The probability that a random variable is more than K standard deviations from its
mean is less than or equal to (1/K^2). And let's just look at some simple
benchmarks for K. The probability that a random variable is
more than two standard deviations from its mean is.
25 percent or less, the probability of the random variable is three standard
deviations from its mean is eleven percent or less.
The probability of the random variable four standard deviations from its mean is
six percent or less. And again, note that, that, that is a
bound on the probability statement. It doesn't.
It's not an equality, so. It's the worst that it could possibly be
the, the, the lots of distributions the probability of being four standard
deviations or more beyond the mean is far lower than six%, but six percent is the
worst it can be. So, so it's unlikely, say, for example
that you will, if you Ob, observe a random variable, it's unlikely that you will see
that random variable be say, six standard deviations from the mean, that's, that's
quite unlikely, that's has probably less than one over 36, regardless of the
distributions. What, what's interesting about Chebyshev's
inequality is that it's, it's quite easy to prove.

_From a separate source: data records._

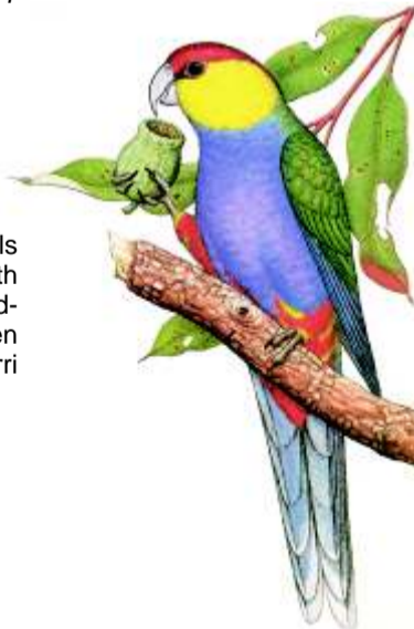
Red-capped Parrot Purpureicephalus spurius

A walk along the trails will reward you with many birds. The Red-capped Parrot is often seen feeding on Marri nuts and Parrot Bush.
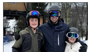
Youth attending their annual Winter Retreat at Winter Place, WV.
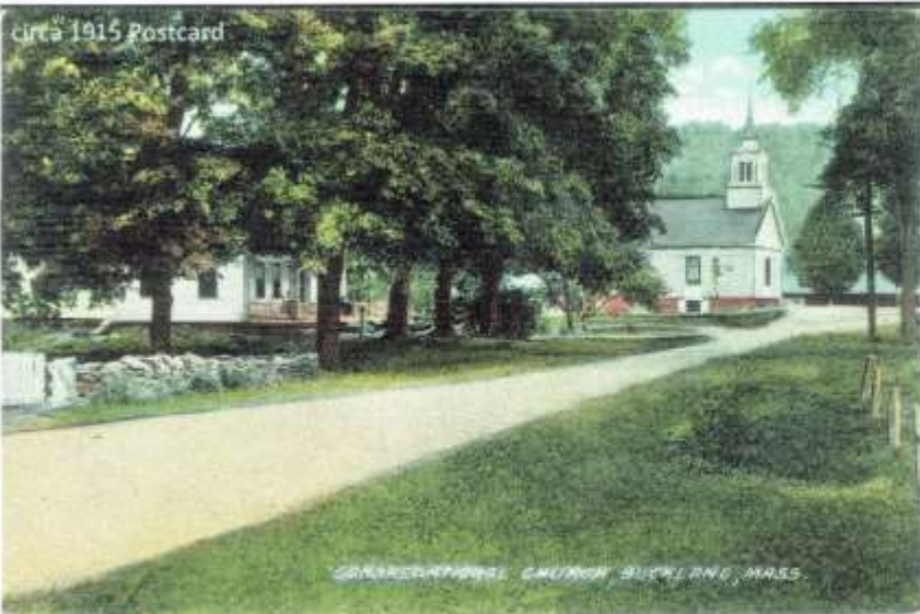
CONGREGATIONAL CHURCH BUCKLAND, MASS.

The Mary Lyon Church First Congregational Church of Buckland 17 Upper Street P.O.Box 87 Buckland MA 01338 Church 413-625-9440 Pastor 413-634-5451 www.marylyonchurch.org info@marylyonchurch.org March 2021
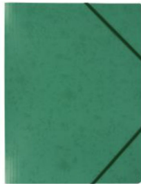
a RED and Green folder with elastic bands
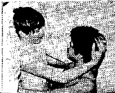
* Good faculty student relations
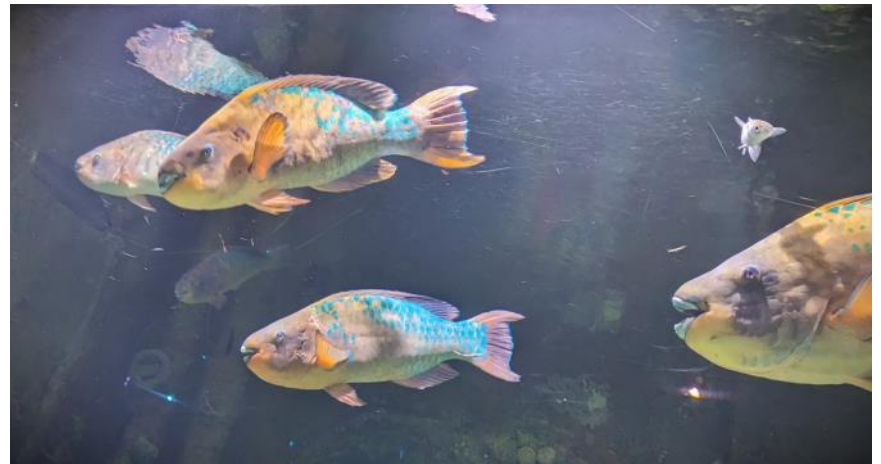
Stop at Wonders of Wildlife National Museum and Aquarium in Springfield, MO on September 22, 2023
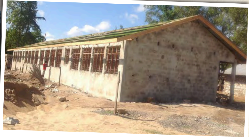
On going construction of ECDE classroom at Kavunyalalu primary school.
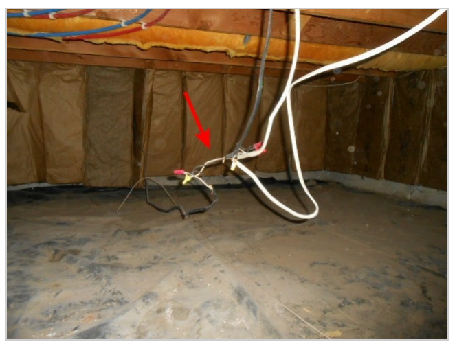
Open spliced wiring in the crawlspace.

There were a few open splices noted throughout the crawlspace at the time of inspection. Open splices consist of wires joined together outside of a junction box or loose wiring. This is a safety concern which should be corrected by a qualified electrician prior to closing.
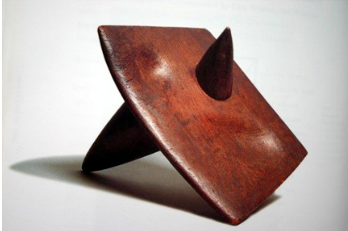
Alberto Giacometti - "Disagreeable Object", 1932.
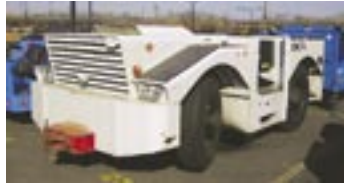
(1) Hough Mdl. T-180 Push Back Tractor, Detroit Diesel, Auto Trans.
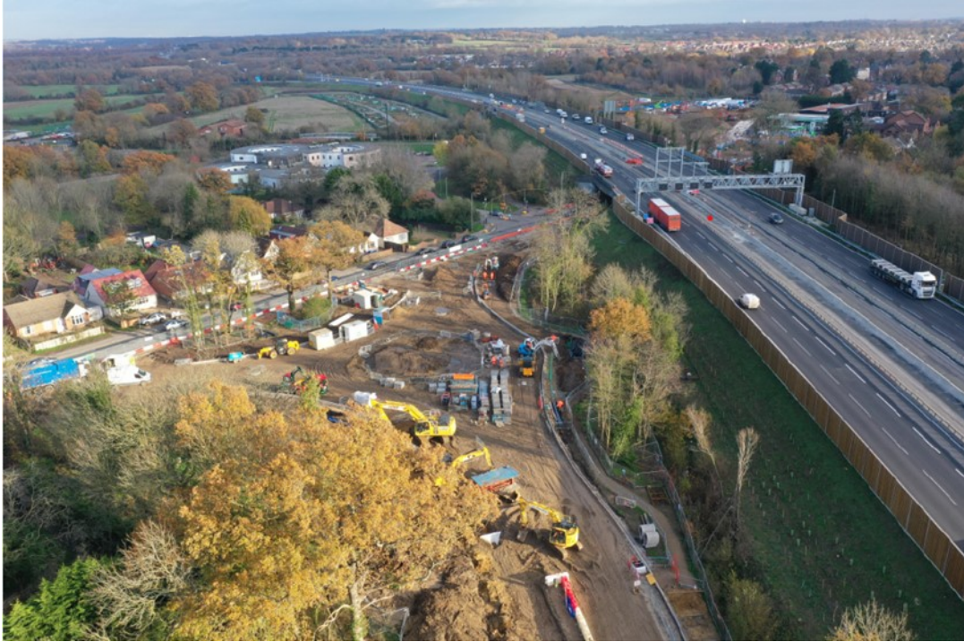
Aerial view of the new northern roundabout linking onto Reading Road (Adjacent to the M4)

Works at this new junction progressed well including the installation of drainage pipes, electrical and communication cables
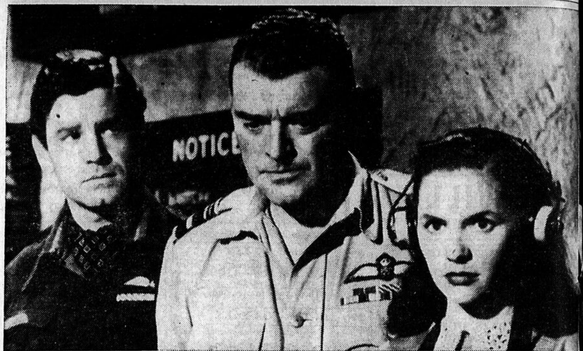
Anthony Steel, Jack Hawkins and Muriel Pavlow in a scene from "The Malta Story" which is now in its second week at the Avenue Theatre. The story is thrilling screen
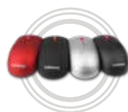
Lenovo 500 Wireless Compact Precision Mouse
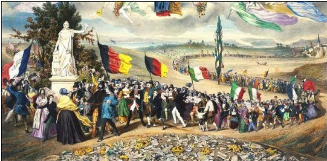
Image 3 "The Universal Republic". Lithograph by Frédéric Sorrieu. Published in 1848, it allegorically exalts republican, liberal and democratic values, which mobilize all the peoples of Europe.

According to Anderson, the major role in establishing this was the emergence of the printing press, which enabled the sharing of this common fantasy of a nation among people.
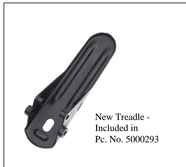
Figure 2 – New Style Treadle
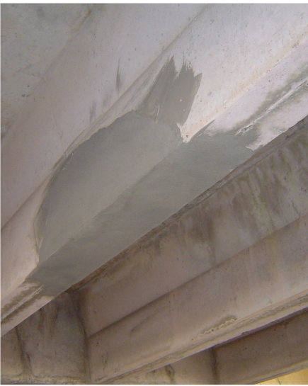
Structural Concrete® V/O Parking Structure Repair

Proven dependable in field installations, the high-performance characteristics of Five Star Structural Concrete® products provide you with easy install of permanent concrete repair solutions with rapid strength gains. Don't settle for a temporary patch with low performance. Rely on Five Star Structural Concrete® products to repair concrete correctly the first time .

And so well, let's just go through the proof really quickly.
Well, let's look at this probability statement.
The probability that a random variable is more than K standard deviations from its
mean. And, and let's do it in the, in the
continuous case. Let's just do it in the continuous case.
You can prove it more generally but, but this just gives you the intuition behind
the proof. Well that's the integral over the, the set
of x where it's more than k standard deviations from the mean, where here now
the little x and the, the domain of integration is a, is a dummy variable of
integration, f of xdx, and this could, could be, you know, we could replace this
by another letter over on the right-hand side but on the left-hand side it has to
be capital x. Well notice, notice the that x minus mue
over k sigma. Absolute value x minus mue over k sigma
has to be bigger than one. So if we square that it has to be bigger
than one as well. So you take a number that's bigger than
one and square it, it's still bigger than one.
So we can multiply by x minus mue squared over k squared sigma squared.